**Problem description**
Send back the line that contains "Muốn còn lại" and all lines following it through the end of the data below, exactly, omitting pictures.

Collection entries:

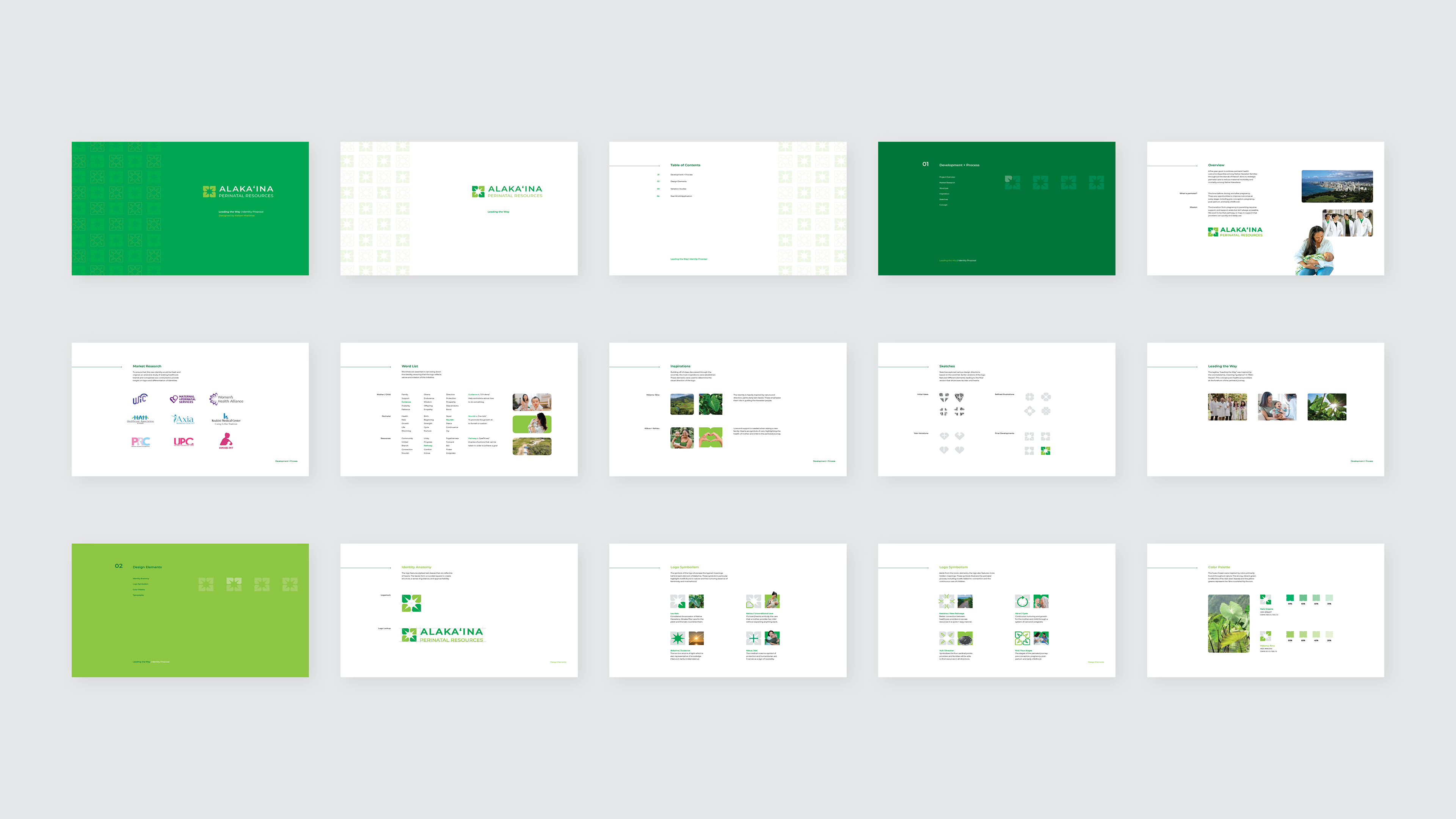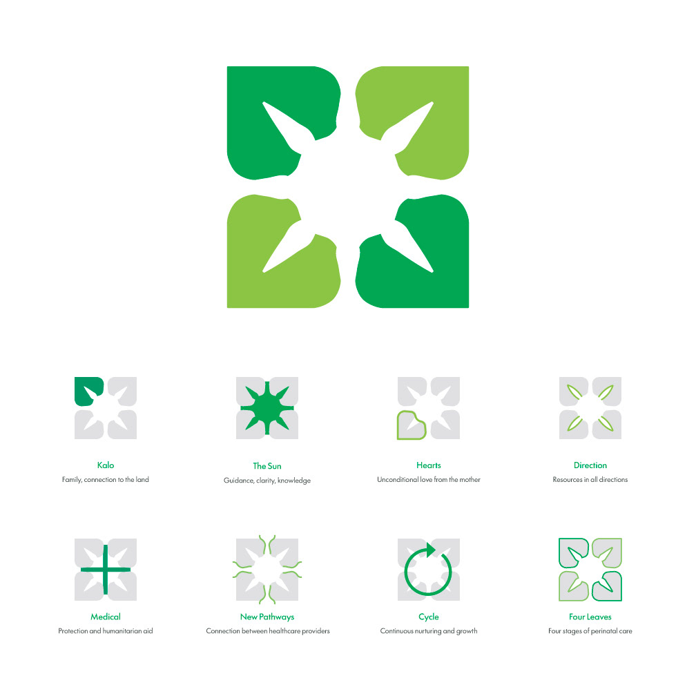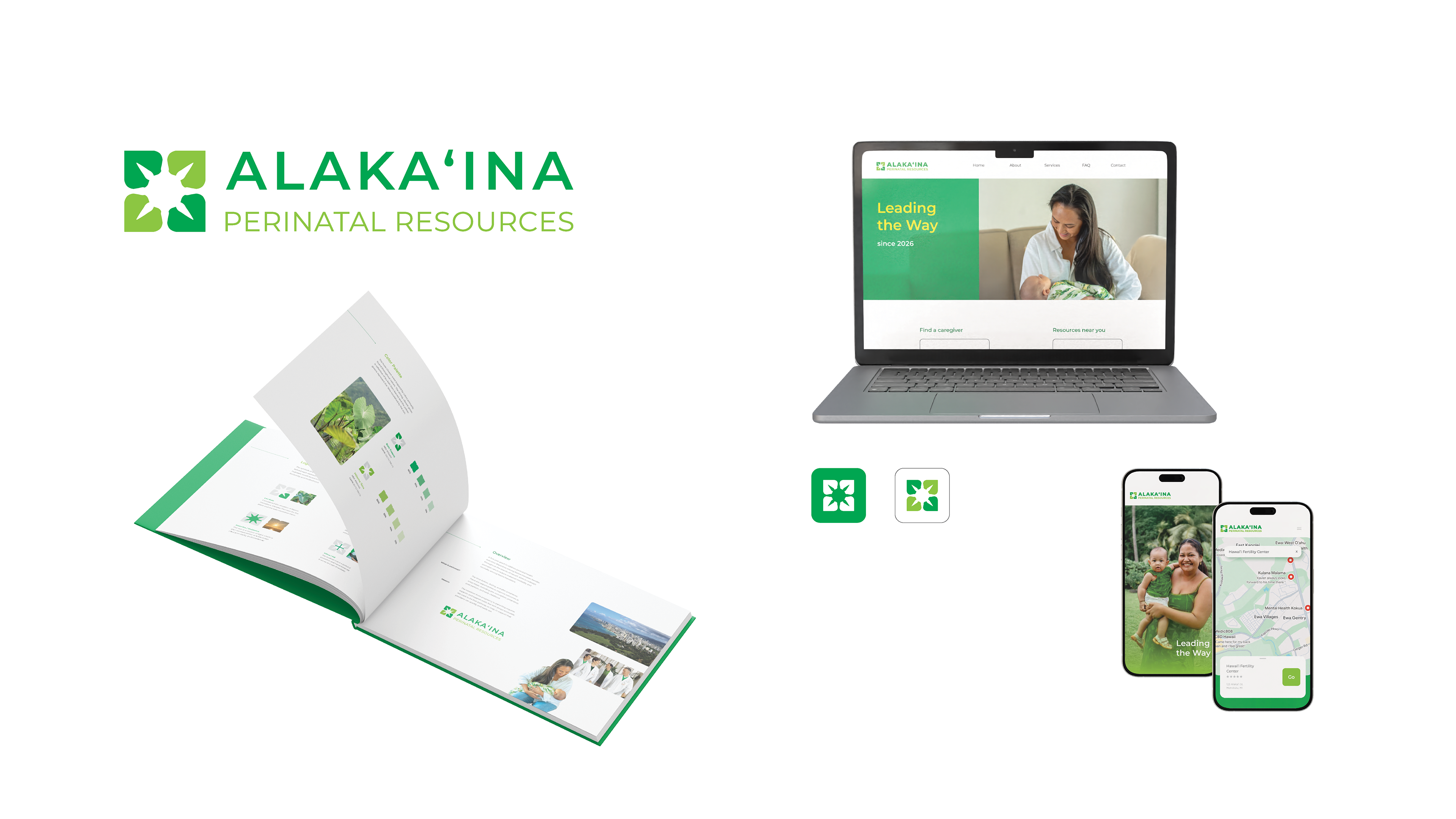 Alaka‘ina Perinatal Resources is a proposed identity for a five-year grant that seeks to address perinatal health outcome disparities among Native Hawaiian families. I created a logo inspired by nature and nurturing care, represented by kalo leaves and hearts. These symbols reflect the project's goal of creating the pathway or map for healthcare providers, guiding those in need to resources quickly and easily.
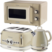 Ariete Vintage Cream Retro 1L Jug Kettle, 4 Slice Toaster & 800W 20L Microwave Kitchen Set
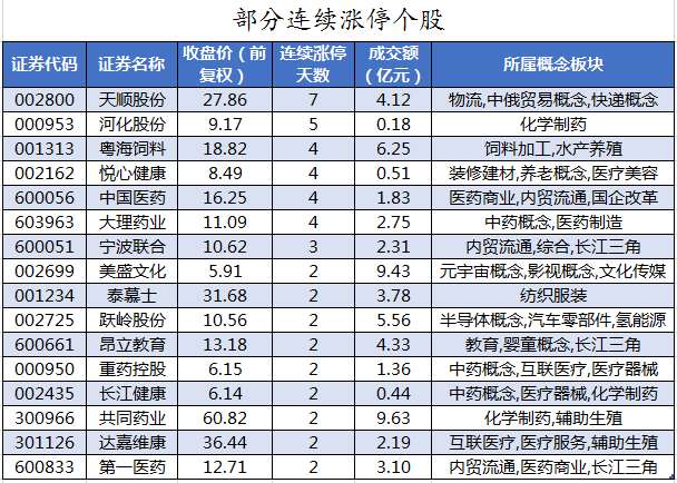 涨停股中,从收盘涨停板封单量来看,中国医药最受追捧,收盘涨停板封单有6192.76万股;其次是长江健康、悦心健康等,涨停板封单分别有3862.48万股、3595.3万股。以封单金额计算,中国医药、悦心健康、长江健康等涨停板封单资金较多,分别有10.06亿元、3.05亿元、2.37亿元。
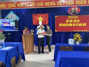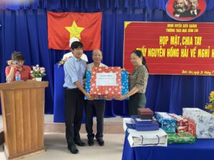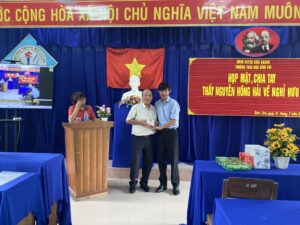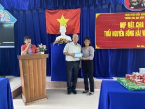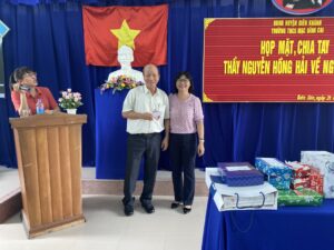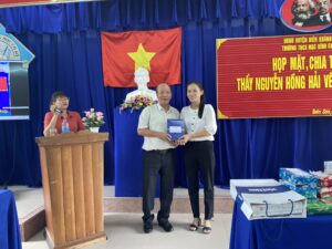 Muốn còn lại một chút gì để thương, để nhớ, Thầy gửi đến trường và nhà trường, Công đoàn, đại diện các tổ cũng tặng thầy những món quà lưu niệm ấp đầy tình cảm.
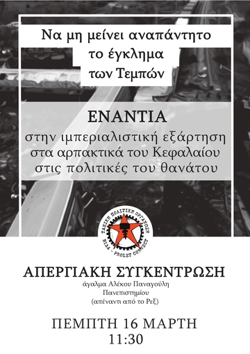 τοποθέτηση για το κρατικό - καπιταλιστικό έγκλημα στα Τέμπη, τον συνολικότερο αγώνα ενάντια στην υποτίμηση της ζωής μας και κάλεσμα σε συμμετοχή στην γενική απεργία και την συγκέντρωση της 16ης Μάρτη 2023
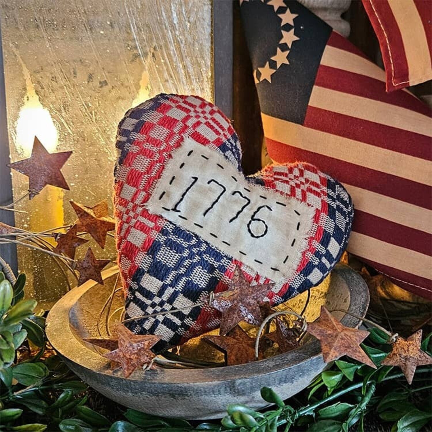 Add a touch of whimsy to your Patriotic colors! It's America's 250th birthday and Linda has captured the spirit of 1776 with this small, muslin, heart. Handmade in the USA.

**Solution to the problem**
 Muốn còn lại một chút gì để thương, để nhớ, Thầy gửi đến trường và nhà trường, Công đoàn, đại diện các tổ cũng tặng thầy những món quà lưu niệm ấp đầy tình cảm.
 τοποθέτηση για το κρατικό - καπιταλιστικό έγκλημα στα Τέμπη, τον συνολικότερο αγώνα ενάντια στην υποτίμηση της ζωής μας και κάλεσμα σε συμμετοχή στην γενική απεργία και την συγκέντρωση της 16ης Μάρτη 2023
 Add a touch of whimsy to your Patriotic colors! It's America's 250th birthday and Linda has captured the spirit of 1776 with this small, muslin, heart. Handmade in the USA.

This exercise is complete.